News header Mobile news header
Publication date
07 March 2026

Financial design determines the modernisation of thermal installations

Reading time
3 min.
News sections

The thermal transition depends on technology and regulation, but also on how economic and financial incentives are structured.

Three determining instruments were confirmed in 2025: the progressive deployment of the Energy Saving Certificate (CAE) system; the selective consolidation of ESCO models based on measured performance; and the structural influence of OPEX signals (the electricity/gas ratio and taxation) rather than one-off CAPEX subsidies.

The 2025 Sectoral Observatory for the Spanish thermal and climate control installation market, prepared by AFEC (the Spanish Association of HVAC Equipment Manufacturers), states that financial structures dictate the actual pace at which the national thermal and climate control stock is modernised. The report analyses three determining instruments: the progressive deployment of the CAE system, the selective consolidation of ESCO models based on measured performance, and the structural influence of OPEX signals compared to one-off CAPEX grants. 

CAEs and Energy Efficiency

Energy Saving Certificates (CAEs) are a key tool for promoting energy efficiency, as they allow for the quantification, certification and monetisation of the savings obtained through actions in the HVAC sector. This type of financial incentive is more agile than traditional subsidy programs and facilitates a faster rollout of a more sustainable and efficient energy model.

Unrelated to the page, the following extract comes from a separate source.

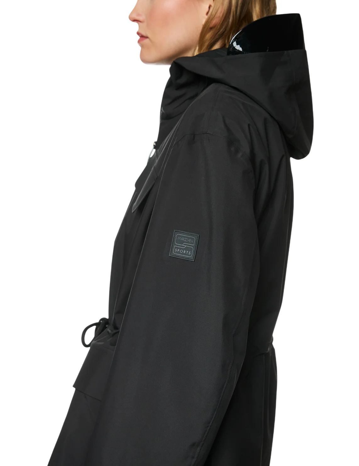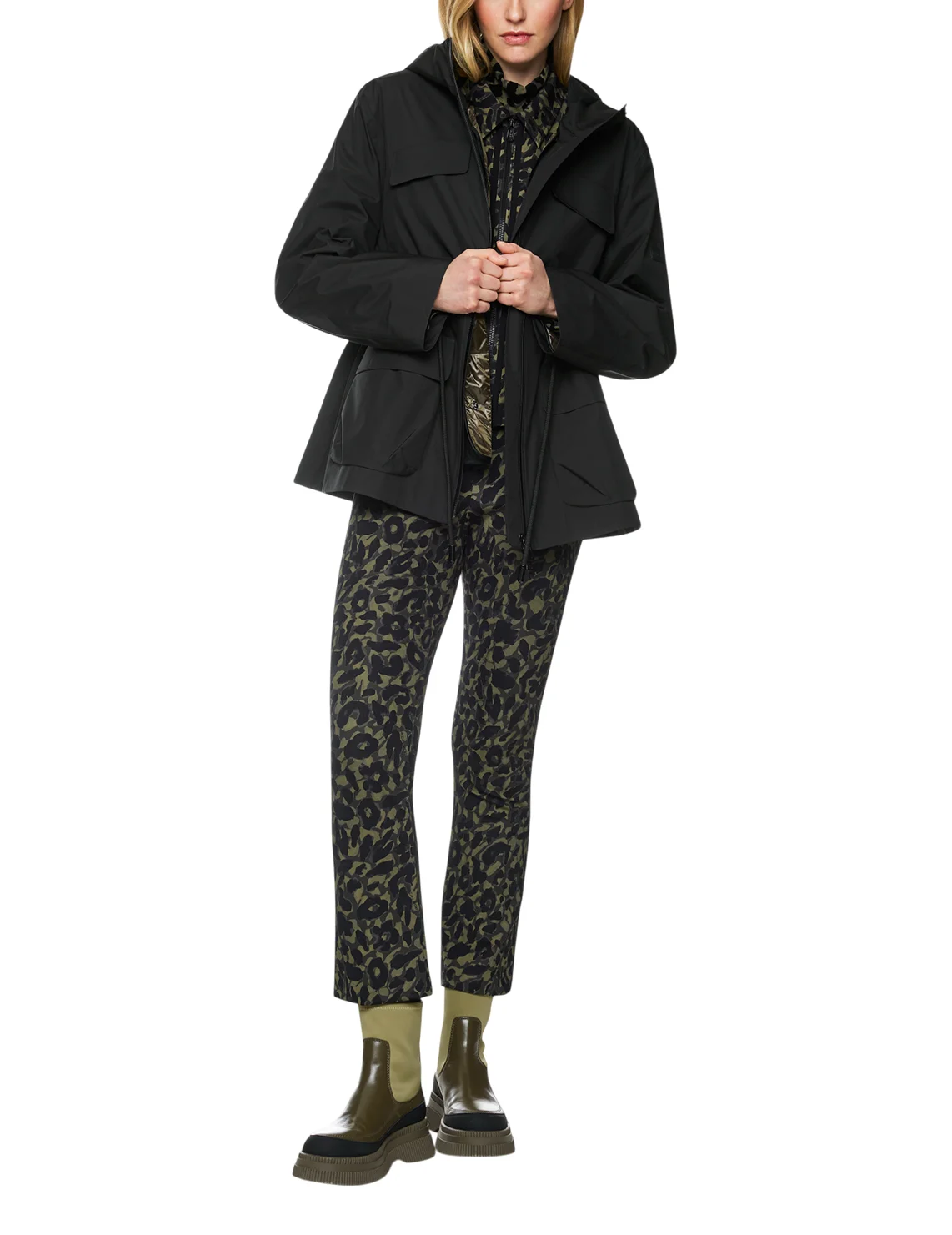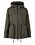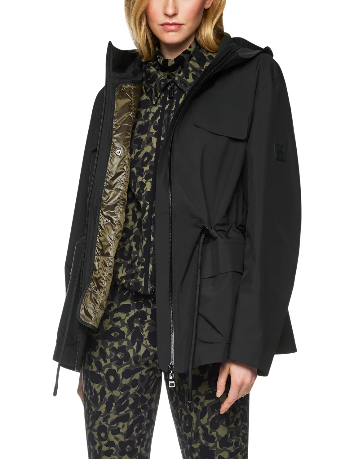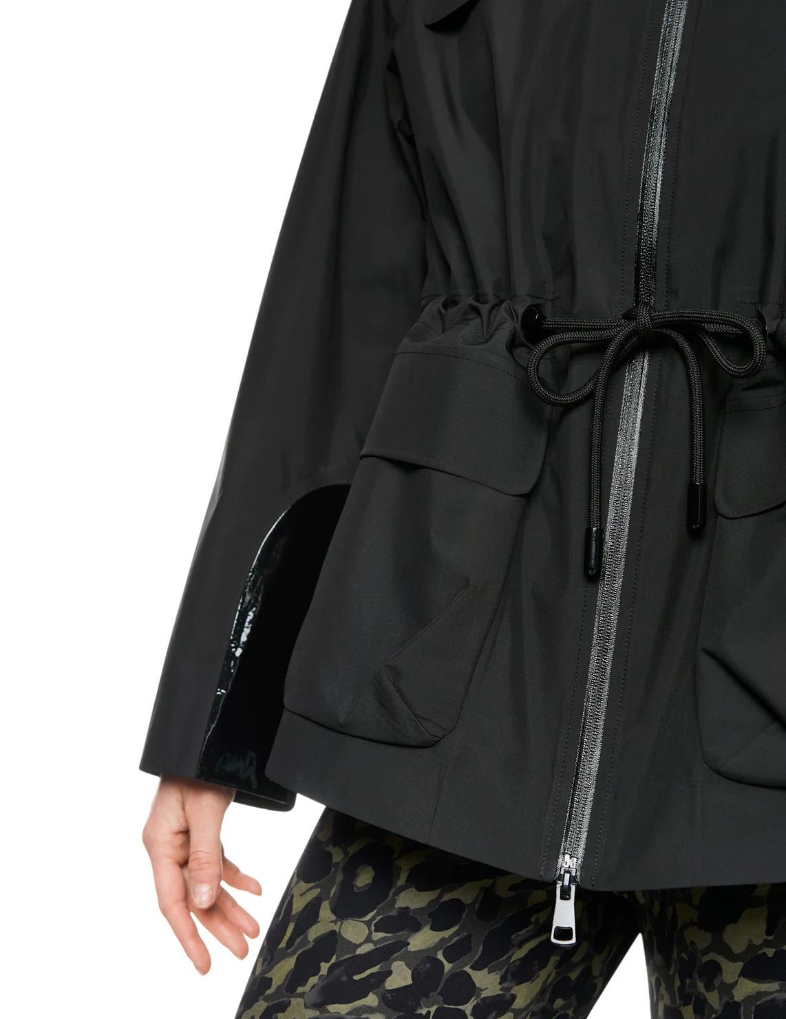 Куртка изготовлена из 100% полиэстера. Модель выполнена в прямом крое. Имеет воротник-стойку, капюшон, кулиску, карманы с клапанами, длинные рукава и двустороннюю застежку-молнию. Декорирована лакированными вставка на рукавах и капюшоне.

Working alongside MITECO (the Ministry for the Ecological Transition and the Demographic Challenge), "we actively contribute to the proposal, development and updating of CAE sheets and the calculation of standardised actions related to heat pumps, technology hybridisation, ventilation, heat recovery, regulation and control in the residential, tertiary and industrial sectors. Our participation ensures that these standardised measures accurately reflect the sector's savings potential and contribute to meeting decarbonisation targets, thanks to the collaborative work of the experts in the AFEC working groups".

The Energy Saving Certificate (CAE) system, regulated by Royal Decree 36/2023, allows for the monetisation of verified energy savings and their transfer to obligated parties (utilities), introducing a market logic based on certified savings. In this area, growth in 2025 was particularly concentrated in the industrial and tertiary sectors, where the savings intensity per project is highest. The CAE shifts the focus from subsidies to the verification of results, introducing technical discipline and the traceability of savings.

The most common actions within the CAE system linked to HVAC include: replacing fossil-fuel boilers with heat pumps; the modernisation of chillers with high-efficiency equipment; heat recovery in industrial processes; ventilation with thermal recovery and improved control; and the optimisation of control systems and variable frequency drives (VFDs).

In the industrial and tertiary sectors, heat pumps for thermal processes and energy recovery have a high savings intensity per project, which makes them particularly attractive for incentives under the CAE scheme. 

ESCOs and Performance Contracts

The ESCO (Energy Service Company) model allows for the financing of projects through guaranteed savings. "A positive trend emerged in 2025, partly driven by CAEs, although transactional barriers persist that hinder the management and profitability of small-scale projects. In these cases, the aggregation of savings and measures is essential for the residential sector to benefit more significantly from the use of CAEs. The model works for projects of a certain size; its widespread adoption requires standardisation and the reduction of contractual friction” 

Stability of OPEX Subsidies and Price Signals

According to the observatory, the 2025 market confirms that one-off CAPEX subsidies cause spikes in demand, whereas structural OPEX signals (the electricity/gas ratio and taxation) determine market sustainability. "The CAE introduces a more structural logic but continues to coexist with discontinuous funding rounds".

Among the recommendations for public policy design, the following are noted: "Prioritise stable instruments (the CAE system and coherent taxation); avoid retroactive changes or discontinuous calls for applications; align subsidies with efficient electrification and real emission reductions; and simplify access for SMEs and small-scale retrofitting".